Websites can be very useful for HPC to allow easier access. Recently we had an issue with a website we use and learned a few things on the way.
Know your users
A website has been running fine for a number of months – and building up a user base. However we recently hit an issue where a large number of users using the service caused the site to have slow page loads and timeouts. Errors in the Apache logs seemed to suggest some sort of timeout issue so naturally we tried increasing the timeout in Apache as a quick fix until we found the culprit. This did not have an effect and therefore we had to look elsewhere for the issue.
Know your application
One aspect of this service which made me suspicious was the use of file locks when performing many operations which required reading and writing to shared files between processes.

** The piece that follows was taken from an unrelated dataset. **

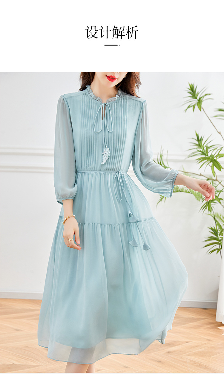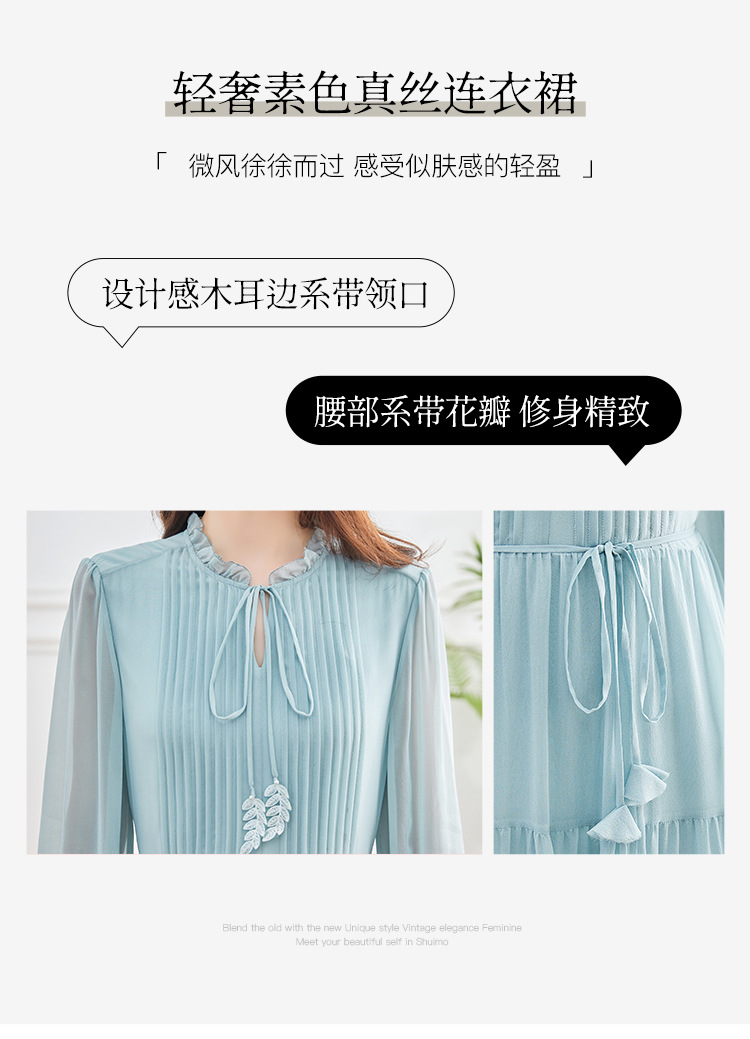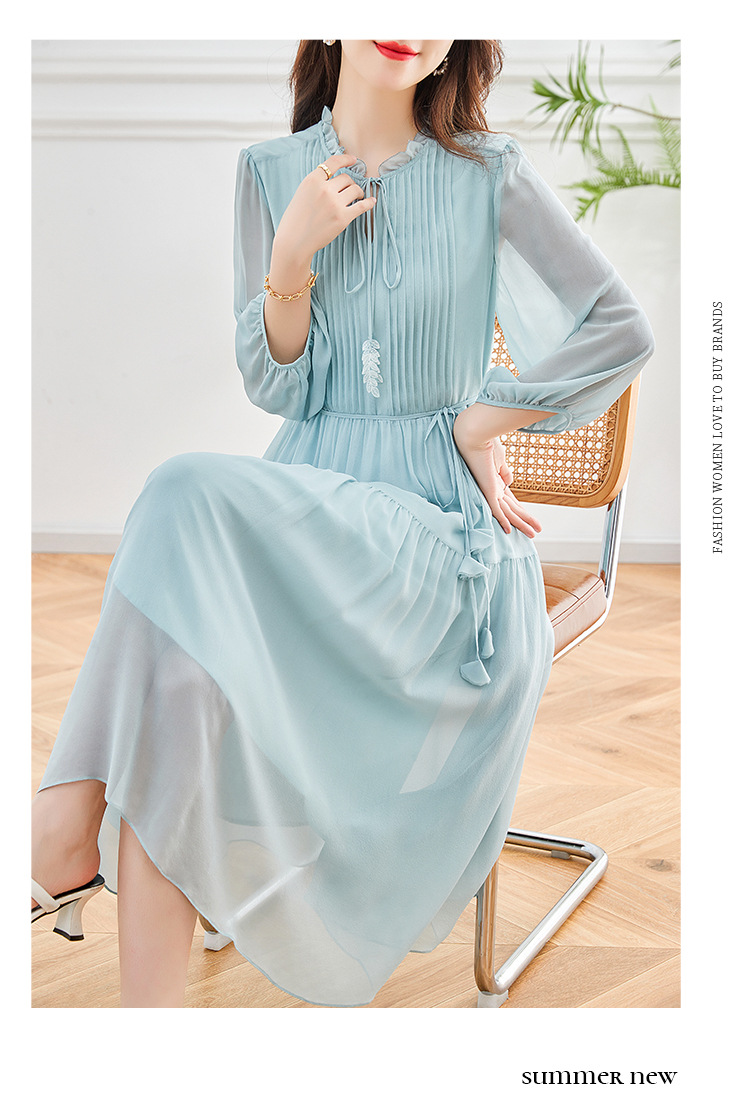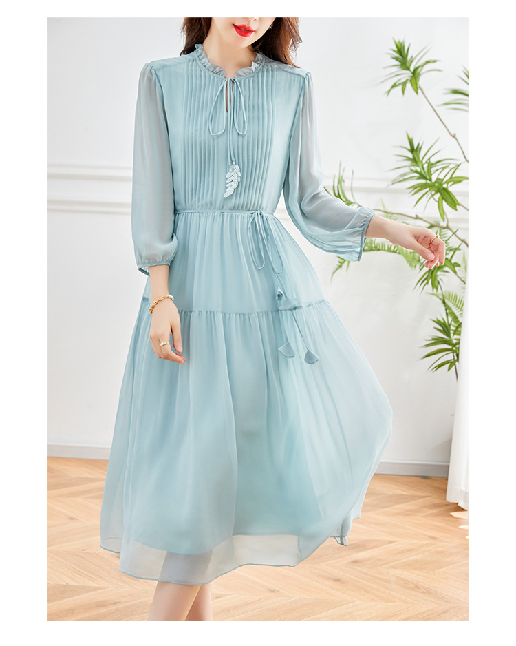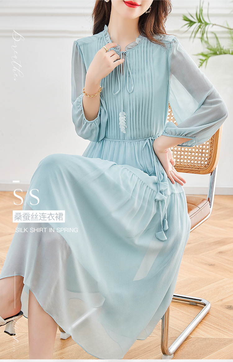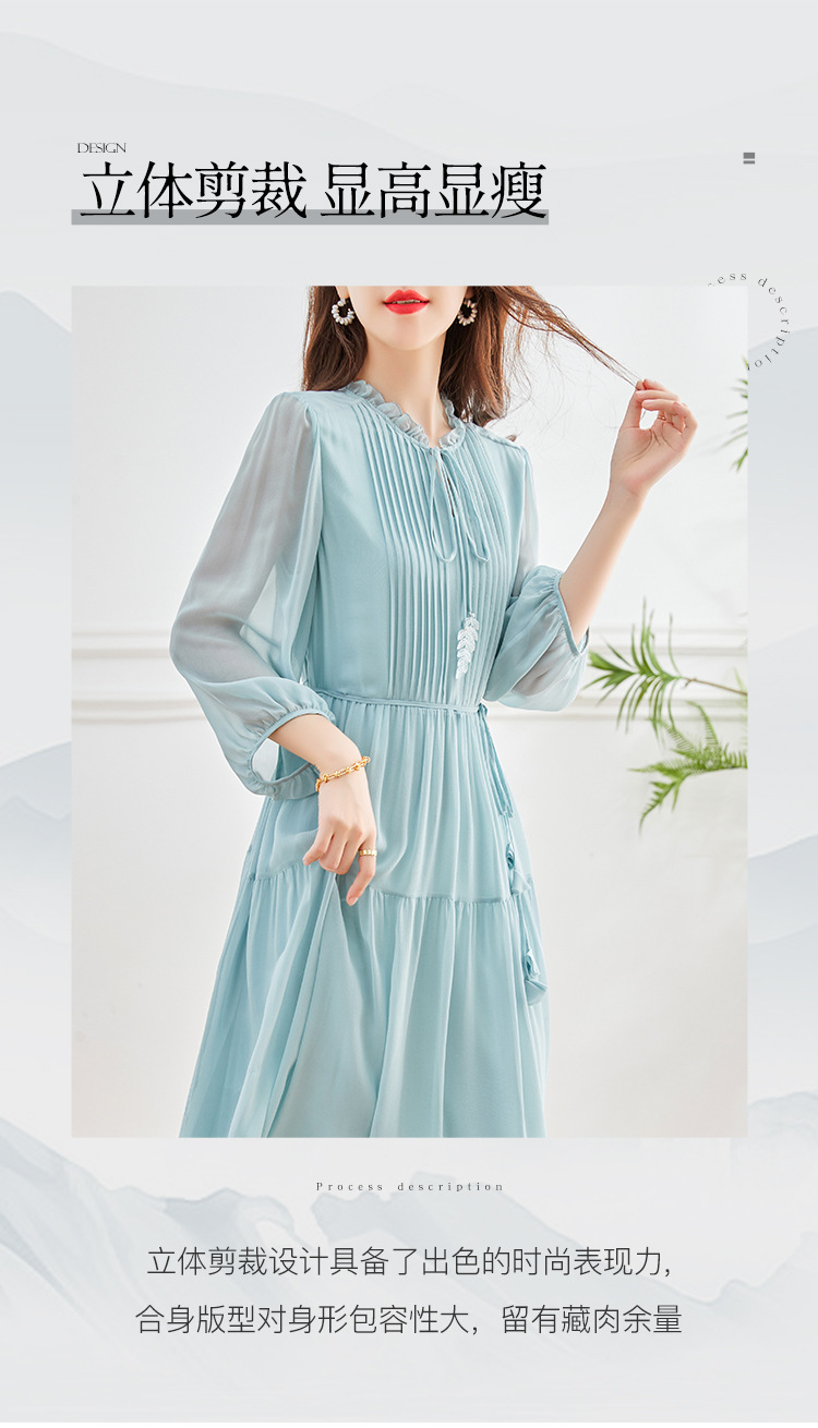 ZS-5356素色真丝桑蚕丝乔其连衣裙女2023夏季新款设计感木耳边圆领中长裙

The website used CGI scripting with Perl to create the pages and the Perl used
flock to lock files. These lock files may have been causing some issues with lock contention and race conditions when serving many users.
Know your filesystem
Since we were serving the webpages from an NFS mount it seemed the use of NFS may have been causing slower response. Searching the Internet for NFS and file locking (since we suspected file locking as an issue) it seems there are many reports of file locking having issues with NFS, but also reports it should work as well. We have made sure we have allowed all NFS traffic through the firewall and that the NFS server can be resolved by hostname not just IP (and to make sure sync is set in mount options just to be sure).
Know your testing
Now that we have made some changes we decided to try and perform some testing on the site. Some useful tools to perform this type of work was Selenium which automates website users. We could then spawn a few “users” and make sure the system responds correctly. A few issues were hit due to the site dynamically creating content (check Internet about Selenium and AJAX). Using Selenium Builder in Firefox also helped find which calls to make in the Python script.
Know your future
The lessons learnt during this time was very instructive and could be used in many future scenarios. Apache logs are useful but make sure you know what your web application is doing, in this case it was having issues locking shared files between users of the site. Being able to load-test a website is also useful and performing it in Python was very easy to test and adapt when needed. Maybe specific future posts about topics encountered here could be worthwhile.